考虑 x86 CPU 上的单个内存访问(单个读取或单个写入,而不是读+写)SSE 指令。该指令正在访问 16 字节(128 位)内存,并且访问的内存位置与 16 字节对齐。
文档“英特尔® 64 架构内存订购白皮书”指出,对于“读取或写入地址在 8 字节边界上对齐的四字(8 字节)的指令”,内存操作似乎作为单个内存访问执行,无论内存类型。
问题:是否存在 Intel/AMD/etc x86 CPU 可以保证读取或写入与 16 字节边界对齐的 16 字节(128 位)作为单个内存访问执行? 是的,哪个特定CPU 类型是(Core2/Atom/K8/Phenom/...)?如果您对此问题提供答案(是/否),还请指定用于确定答案的方法 - PDF 文档查找、强力测试、数学证明或您选择的任何其他方法用于确定答案。
此问题涉及诸如 http://research.swtch.com/ 等问题2010/02/off-to-races.html
更新:
我用 C 创建了一个简单的测试程序,您可以在计算机上运行它。请在您的 Phenom、Athlon、Bobcat、Core2、Atom、Sandy Bridge 或您碰巧拥有的任何支持 SSE2 的 CPU 上编译并运行它。谢谢。
// Compile with:
// gcc -o a a.c -pthread -msse2 -std=c99 -Wall -O2
//
// Make sure you have at least two physical CPU cores or hyper-threading.
#include <pthread.h>
#include <emmintrin.h>
#include <stdio.h>
#include <stdint.h>
#include <string.h>
typedef int v4si __attribute__ ((vector_size (16)));
volatile v4si x;
unsigned n1[16] __attribute__((aligned(64)));
unsigned n2[16] __attribute__((aligned(64)));
void* thread1(void *arg) {
for (int i=0; i<100*1000*1000; i++) {
int mask = _mm_movemask_ps((__m128)x);
n1[mask]++;
x = (v4si){0,0,0,0};
}
return NULL;
}
void* thread2(void *arg) {
for (int i=0; i<100*1000*1000; i++) {
int mask = _mm_movemask_ps((__m128)x);
n2[mask]++;
x = (v4si){-1,-1,-1,-1};
}
return NULL;
}
int main() {
// Check memory alignment
if ( (((uintptr_t)&x) & 0x0f) != 0 )
abort();
memset(n1, 0, sizeof(n1));
memset(n2, 0, sizeof(n2));
pthread_t t1, t2;
pthread_create(&t1, NULL, thread1, NULL);
pthread_create(&t2, NULL, thread2, NULL);
pthread_join(t1, NULL);
pthread_join(t2, NULL);
for (unsigned i=0; i<16; i++) {
for (int j=3; j>=0; j--)
printf("%d", (i>>j)&1);
printf(" %10u %10u", n1[i], n2[i]);
if(i>0 && i<0x0f) {
if(n1[i] || n2[i])
printf(" Not a single memory access!");
}
printf("\n");
}
return 0;
}
我笔记本上的 CPU 是 Core Duo(不是 Core2)。该特定 CPU 未通过测试,它以 8 字节的粒度实现 16 字节内存读/写。输出是:
0000 96905702 10512
0001 0 0
0010 0 0
0011 22 12924 Not a single memory access!
0100 0 0
0101 0 0
0110 0 0
0111 0 0
1000 0 0
1001 0 0
1010 0 0
1011 0 0
1100 3092557 1175 Not a single memory access!
1101 0 0
1110 0 0
1111 1719 99975389
Consider a single memory access (a single read or a single write, not read+write) SSE instruction on an x86 CPU. The instruction is accessing 16 bytes (128 bits) of memory and the accessed memory location is aligned to 16 bytes.

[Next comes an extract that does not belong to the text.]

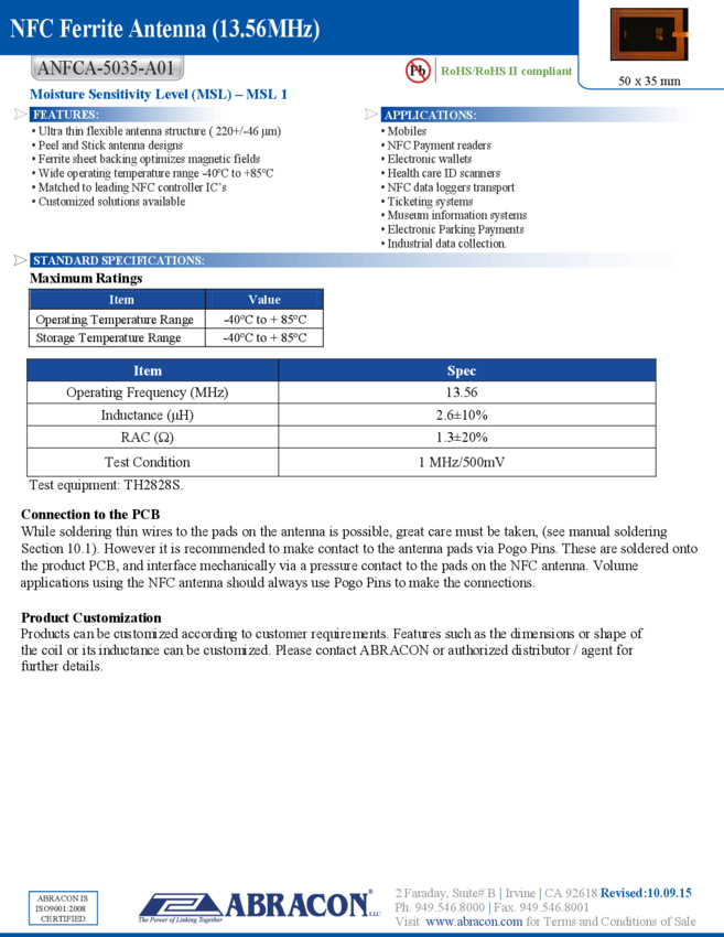 ANFCA-5035-A01 Antenna NFC Ferrite Antenna 13.56MHz SMD Box

The document "Intel® 64 Architecture Memory Ordering White Paper" states that for "Instructions that read or write a quadword (8 bytes) whose address is aligned on an 8 byte boundary" the memory operation appears to execute as a single memory access regardless of memory type.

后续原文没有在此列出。